Taking only the lines of the data below from the line with "De estilo moderno" to the line with "会议伊始,播放了我校征兵宣传", ends included, write them out exactly and without pictures.

(Collected data entries)
◆ ◆ ◆
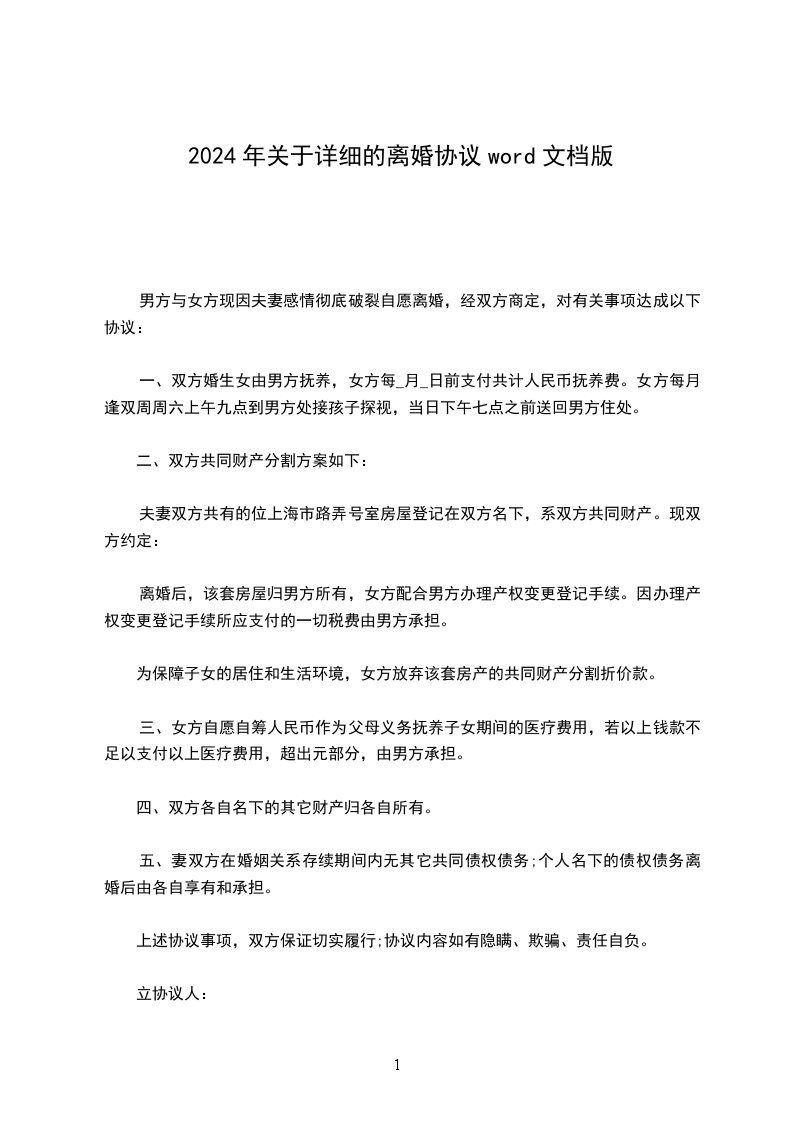 1、房产:a夫妻双方婚后购有坐落在____路____号____小区____栋____单元____号的楼房一套,登记在男方/女方(或双方)名下,属夫妻共有财产。离婚后,该套房屋归男方/女方所有(注:包括房内装修内附属设施及相关配套设施),双方相互配合办理产权变更登记手续。因办理产权变更登记手续所应支付的一切税费等均由男方/女方承担。取得房屋所有权的一方给予另一方经济补偿人民币________元,在本协议签订之日起____日内付清。
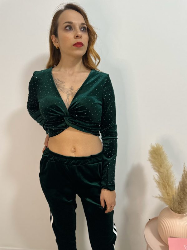 Crop top a maniche lunghe in ciniglia dettaglio nodo avanti tinta unita con strass
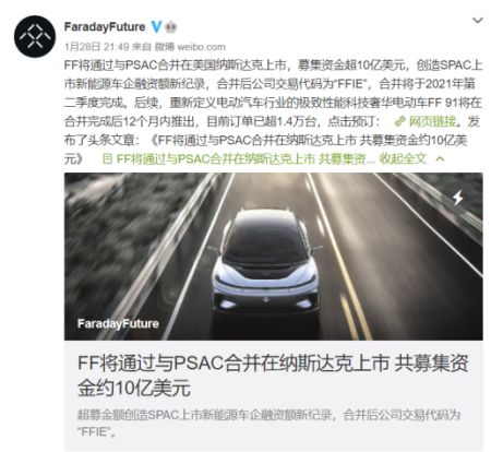 1月28日晚,FF官方微博发布消息称,并购结束后将在纳斯达克上市,股票代码为“FFIE”,募资约10亿美元。
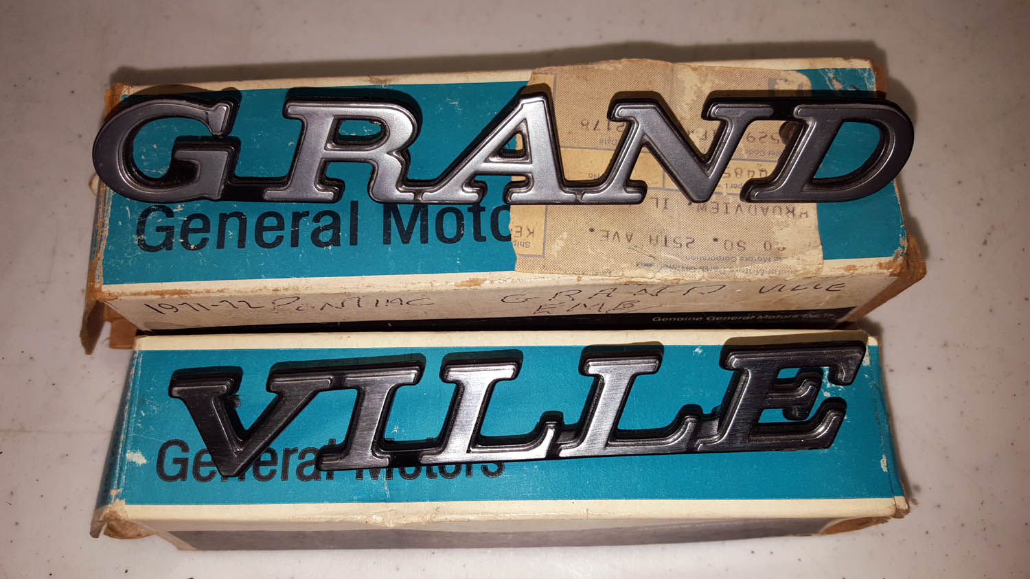 1971 - 72 NOS "GRAND" & "VILLE" Deck Lid Nameplates
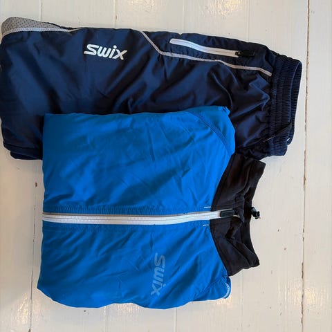 Swix Junior jakke og bukse til langrenn/trening/tur i størrelse 8-10 år. Dressen består av jakke og bukse i blå og svart farge. Myk dress med tynn fleece på innsiden av jakken. Godt brukt, men helt fin tilstand og klar for nye skiturer.
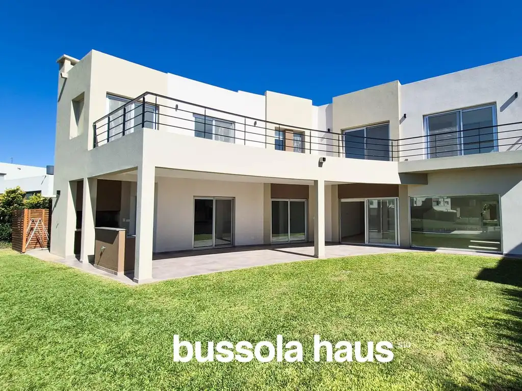 De estilo moderno desarrollada en dos plantas, ubicada sobre lote a la laguna, con vistas abiertas al agua.
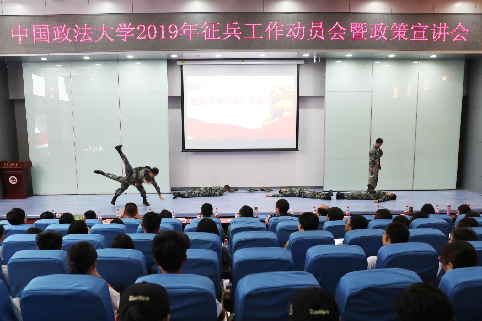 会议伊始,播放了我校征兵宣传片《我们的荣耀青春》和第十二届“感动法大”人物、退伍学生马壮的先进事迹视频。退伍学生代表汇报表演擒拿格斗综合演练和班组战斗演练,展现了我校大学生士兵的风采,精彩的演出赢得了在场师生的热烈掌声。退伍学生代表张钊、李伟先后发言,“我是一个兵,永远在突击”、“穿军装的青春最精彩”,他们从思想境界的提升、意志品质的磨炼、身体素质的增强、综合能力的提高等方面总结了在军营中的成长收获。
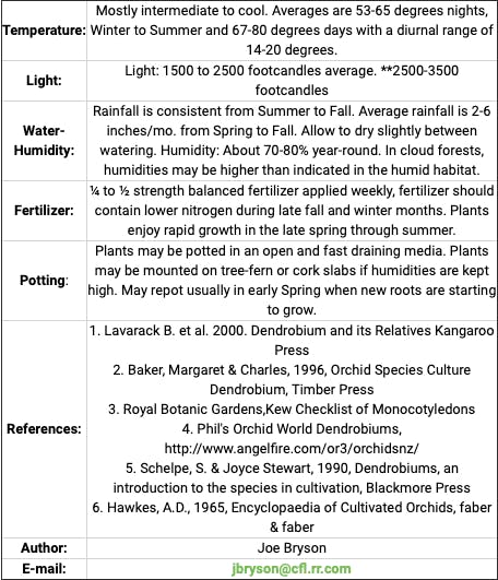 This Section appears to have two different spellings: Inobulbum and Inobulbon. I am using Inbulbum, which agrees with Lavarack (Ref.1) and the Kew Monocot List (Ref. 4). Lavarack, et.al. have elevated this Section to generic status, however, I have kept it as a Section of Dendrobium to agree with the Royal Botanic Gardens, Kew Monocot List. Section Inobulbum is in Subgenus Athecebium, which has plants with no distinct leaf sheaths on the stems. The plants are closely related to Section Tetrodon. Plants of this Section occur in rainforests in low to moderate altitudes in areas with high year-round humidities. Pseudobulbs are short and spindle-shaped with nodes that have rings of rigid hairs. Species have 2 to 3 leaves at the apex of the pseudobulbs. Flowers are on a long inflorescence. The inflorescences have numerous flowers, with 80 or more on an inflorescence. The lip is 3-lobed.
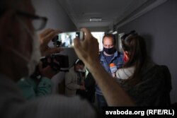 На працэс у суд Кастрычніцкага раёну не пусьцілі дачку журналіста Яніну і актывістаў, якія прыйшлі яго падтрымаць.
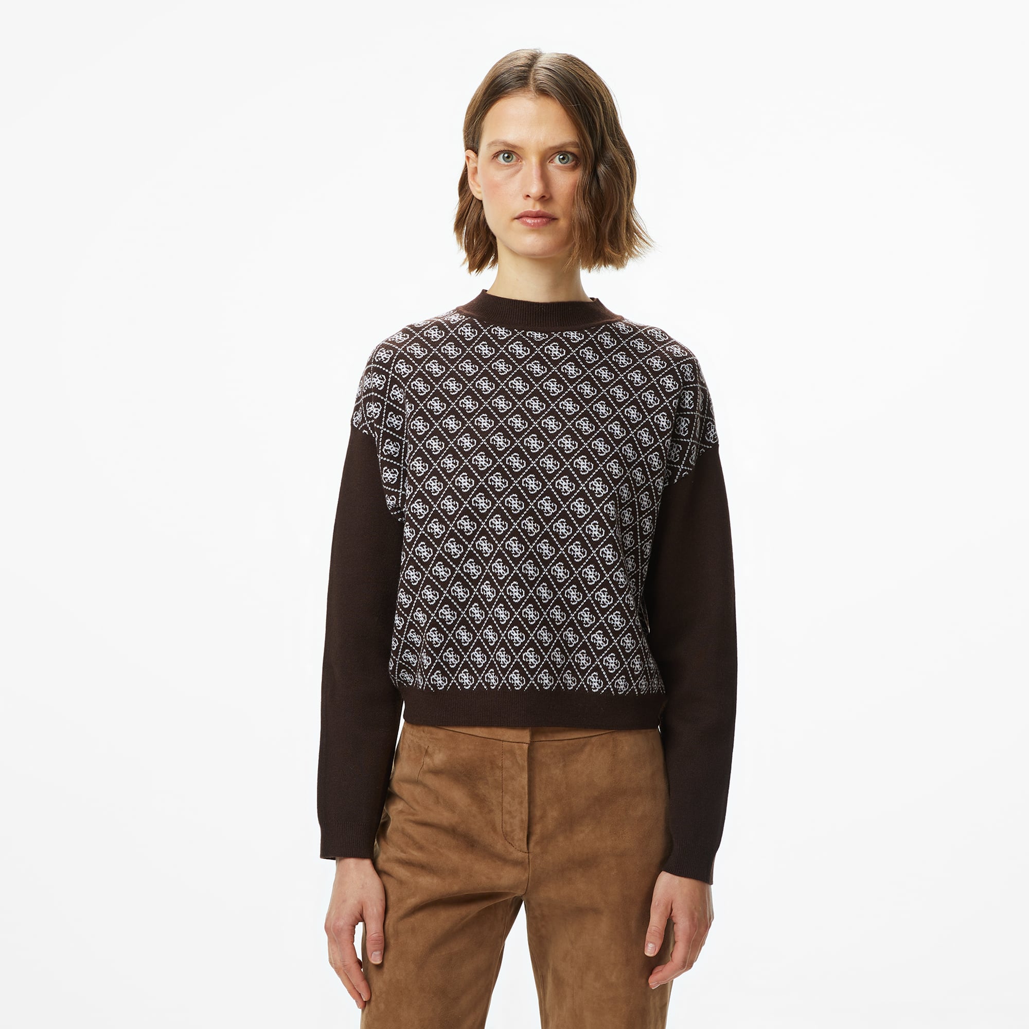 Guess Aubrey Yün Karışımlı Kadın Kahverengi Triko, soğuk havalarda seni sıcacık tutarken şık bir görünüm sunar.
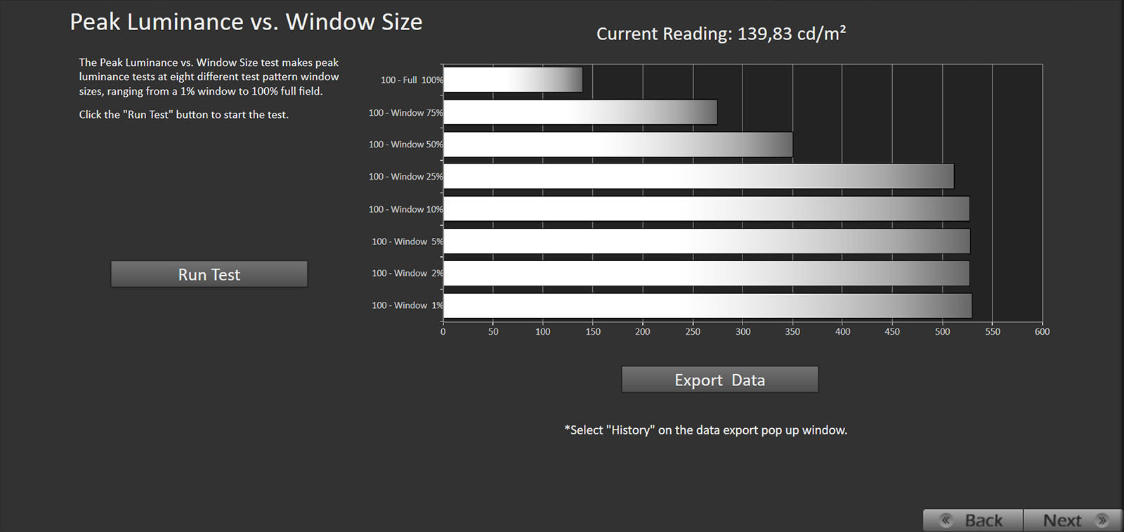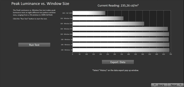 Il picco di luminanza supera di poco i 1.400 nit, risultando così circa il 17% più alto rispetto al C5 (circa 1.200 nit). A pieno schermo si raggiungono i 260 nit.
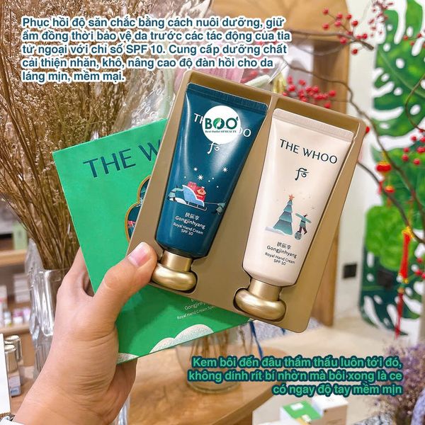Kem dưỡng da tay Whoo Gongjinhyang Hand Cream SPF10 là dòng sản phẩm Đông y cao cấp thuộc thương hiệu The History of Whoo, mang công thức phục hồi da tay khô nứt, thiếu ẩm và lão hóa sớm.
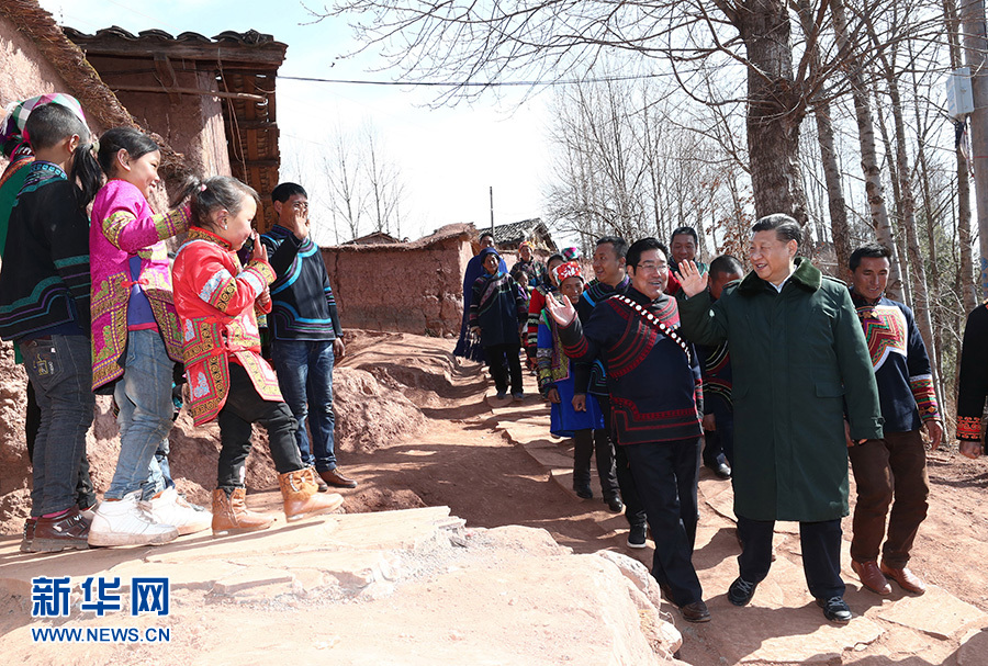 2月11日上午,習近平總書記驅(qū)車2個多小時,從西昌市來到位于大涼山深處的昭覺縣三岔河鄉(xiāng)三河村、解放鄉(xiāng)火普村,走進彝族貧困群眾家中,看實情、問冷暖、聽心聲,同當?shù)馗刹咳罕姽采叹珳拭撠氈?。新華社記者 謝環(huán)馳 攝
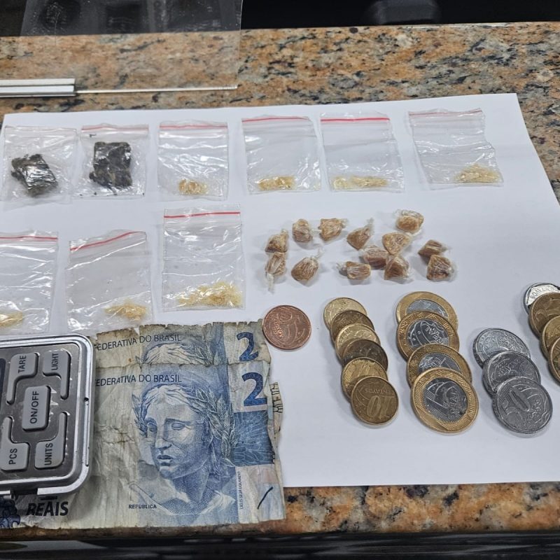 Ao chegarem ao local, os militares avistaram o homem, que, ao perceber a presença da viatura, tentou se livrar de algo jogando ao solo. Durante a abordagem, foram encontrados em seu bolso crack e uma quantia em dinheiro. No ponto onde ele havia dispensado o material, os policiais localizaram mais pedras de crack e porções de maconha, todas embaladas e prontas para a venda.
◆ ◆ ◆
● **Result for this exercise**
 De estilo moderno desarrollada en dos plantas, ubicada sobre lote a la laguna, con vistas abiertas al agua.
 会议伊始,播放了我校征兵宣传片《我们的荣耀青春》和第十二届“感动法大”人物、退伍学生马壮的先进事迹视频。退伍学生代表汇报表演擒拿格斗综合演练和班组战斗演练,展现了我校大学生士兵的风采,精彩的演出赢得了在场师生的热烈掌声。退伍学生代表张钊、李伟先后发言,“我是一个兵,永远在突击”、“穿军装的青春最精彩”,他们从思想境界的提升、意志品质的磨炼、身体素质的增强、综合能力的提高等方面总结了在军营中的成长收获。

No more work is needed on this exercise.